Exercise objective:
What is needed is an exact copy of the lines in the listing below, from the one with "1月30日讯 据德国媒体报道" up to and including the one with "В области ГЗ", with no other lines.

Records for processing:
-- Opening Marker --
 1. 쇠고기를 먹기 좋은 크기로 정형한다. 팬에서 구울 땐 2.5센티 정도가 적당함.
-- Closing Marker --
-- Opening Marker --
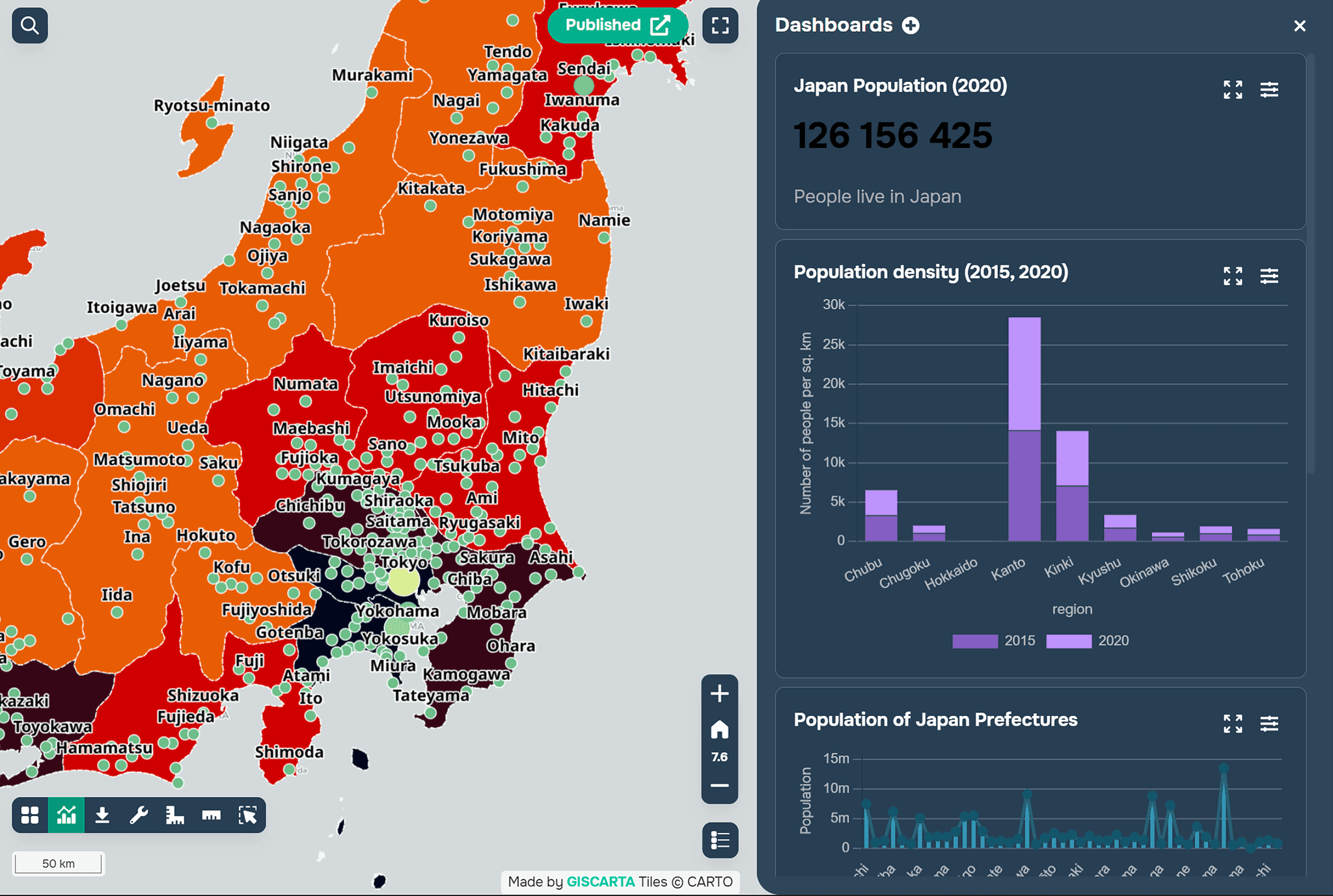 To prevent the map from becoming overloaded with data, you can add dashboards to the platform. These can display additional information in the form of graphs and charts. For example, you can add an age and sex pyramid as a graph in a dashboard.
-- Closing Marker --
-- Opening Marker --
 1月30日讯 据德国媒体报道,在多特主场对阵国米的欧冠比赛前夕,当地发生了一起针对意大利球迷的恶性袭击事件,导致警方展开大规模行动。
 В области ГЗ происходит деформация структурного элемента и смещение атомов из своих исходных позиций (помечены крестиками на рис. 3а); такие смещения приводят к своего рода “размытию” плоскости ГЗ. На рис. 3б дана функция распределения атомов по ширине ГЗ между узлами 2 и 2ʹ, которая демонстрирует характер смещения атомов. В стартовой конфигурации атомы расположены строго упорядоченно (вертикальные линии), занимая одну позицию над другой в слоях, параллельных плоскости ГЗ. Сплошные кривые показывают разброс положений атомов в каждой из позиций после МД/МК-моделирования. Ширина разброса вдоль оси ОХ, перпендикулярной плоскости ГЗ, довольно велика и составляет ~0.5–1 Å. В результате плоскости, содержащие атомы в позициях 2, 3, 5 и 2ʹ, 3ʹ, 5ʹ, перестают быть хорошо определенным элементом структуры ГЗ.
-- Closing Marker --
Reply:
 1月30日讯 据德国媒体报道,在多特主场对阵国米的欧冠比赛前夕,当地发生了一起针对意大利球迷的恶性袭击事件,导致警方展开大规模行动。
 В области ГЗ происходит деформация структурного элемента и смещение атомов из своих исходных позиций (помечены крестиками на рис. 3а); такие смещения приводят к своего рода “размытию” плоскости ГЗ. На рис. 3б дана функция распределения атомов по ширине ГЗ между узлами 2 и 2ʹ, которая демонстрирует характер смещения атомов. В стартовой конфигурации атомы расположены строго упорядоченно (вертикальные линии), занимая одну позицию над другой в слоях, параллельных плоскости ГЗ. Сплошные кривые показывают разброс положений атомов в каждой из позиций после МД/МК-моделирования. Ширина разброса вдоль оси ОХ, перпендикулярной плоскости ГЗ, довольно велика и составляет ~0.5–1 Å. В результате плоскости, содержащие атомы в позициях 2, 3, 5 и 2ʹ, 3ʹ, 5ʹ, перестают быть хорошо определенным элементом структуры ГЗ.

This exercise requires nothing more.